Urging the men to be courageous and “put our trust in Christ,” Father Deptula said “we march today for a better way — not an alternative way as if Jesus was one way among many. We must insist on building a culture of truth and a culture of life.”
CALLED TO LAY DOWN LIVES
While rain was forecast for the morning, it held off as the men walked the mile-long route through downtown Peoria to the cathedral. Leading the procession were two identifying banners and three statues — of Mary, Jesus, and the march’s patron, St. Joseph, holding the Child Jesus — carried by march participants.
As Mass began, Bishop Jenky thanked the men for their presence.
“You build up the faith of one another, and you build up your bishop’s faith by your witness and commitment,” he told them.
In his homily, Father Brokaw said the “fullness of masculinity” is found in Jesus, who “showed us what it means to love, to sacrifice, and lay our lives down to lead our brothers and our families to heaven.”
“And there’s nothing that fires us up, inspires us more, than this call to battle, to lay our lives down completely” as Jesus modeled on the cross, said Father Brokaw. “It’s my prayer for all of us, especially for us priests, that every day we have a deepening hunger to be a companion of Jesus Christ.”
Ten members of the “Men of Faith Choir” from Blessed Sacrament Parish in Morton provided special music before and during the Mass.
At the conclusion of the Mass, Bishop Jenky blessed commemorative medallions that featured the day’s theme along an image of St. Michael the Archangel. The medallions were distributed to participants as they left the cathedral to attend a fellowship lunch at the nearby Spalding Pastoral Center.
Paul Prabhu, a member of St. Patrick Church of Merna in Bloomington, told The Catholic Post he attended the men’s march with his son Jonathan because it is “essential we demonstrate our faith” and that the day provides “a reminder of what we are to do as men of faith.”
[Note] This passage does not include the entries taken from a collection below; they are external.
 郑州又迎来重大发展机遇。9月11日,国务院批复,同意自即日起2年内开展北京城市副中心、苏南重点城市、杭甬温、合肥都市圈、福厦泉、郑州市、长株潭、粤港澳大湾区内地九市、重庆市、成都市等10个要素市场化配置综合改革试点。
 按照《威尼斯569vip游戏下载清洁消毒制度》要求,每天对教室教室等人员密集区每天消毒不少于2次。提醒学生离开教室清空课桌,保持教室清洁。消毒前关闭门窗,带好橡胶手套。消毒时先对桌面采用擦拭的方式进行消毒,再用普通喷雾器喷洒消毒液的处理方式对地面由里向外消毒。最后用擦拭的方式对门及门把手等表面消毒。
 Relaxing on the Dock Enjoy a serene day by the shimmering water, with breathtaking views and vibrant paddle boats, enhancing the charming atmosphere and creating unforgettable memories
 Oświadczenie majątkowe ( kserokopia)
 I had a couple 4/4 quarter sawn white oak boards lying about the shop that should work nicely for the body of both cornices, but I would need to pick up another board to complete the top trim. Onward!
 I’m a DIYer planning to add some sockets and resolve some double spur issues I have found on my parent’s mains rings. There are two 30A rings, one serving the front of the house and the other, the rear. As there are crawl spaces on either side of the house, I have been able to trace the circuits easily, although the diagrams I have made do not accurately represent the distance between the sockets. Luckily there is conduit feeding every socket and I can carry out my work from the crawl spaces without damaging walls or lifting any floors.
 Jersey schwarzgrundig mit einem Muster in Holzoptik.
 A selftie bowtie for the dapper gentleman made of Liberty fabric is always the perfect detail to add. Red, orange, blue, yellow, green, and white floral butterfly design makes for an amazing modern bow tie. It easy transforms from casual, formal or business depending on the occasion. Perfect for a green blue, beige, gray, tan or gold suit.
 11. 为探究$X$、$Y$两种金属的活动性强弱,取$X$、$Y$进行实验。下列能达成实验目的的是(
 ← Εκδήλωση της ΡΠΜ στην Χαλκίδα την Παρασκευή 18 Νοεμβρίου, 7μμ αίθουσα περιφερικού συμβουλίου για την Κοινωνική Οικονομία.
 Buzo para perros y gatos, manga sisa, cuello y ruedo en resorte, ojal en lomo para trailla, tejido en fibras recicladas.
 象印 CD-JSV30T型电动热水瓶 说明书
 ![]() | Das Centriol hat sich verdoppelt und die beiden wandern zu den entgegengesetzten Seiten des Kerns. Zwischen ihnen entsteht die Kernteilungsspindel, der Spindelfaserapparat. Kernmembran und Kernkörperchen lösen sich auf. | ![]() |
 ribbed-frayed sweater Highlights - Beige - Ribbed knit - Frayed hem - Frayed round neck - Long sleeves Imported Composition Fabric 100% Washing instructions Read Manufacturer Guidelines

“It’s amazing to see so many men of the diocese come together for an event like this,” said Marty Urbanc, a member of St. Mary of the Woods Parish in Princeville who for six years has been part of three generations of his family taking part in “A Call to Catholic Men of Faith.” He walked with his son, Steven, 10, and his father, David, a member of Holy Family Parish in Peoria. The three carried the gifts in the offertory procession at the Mass.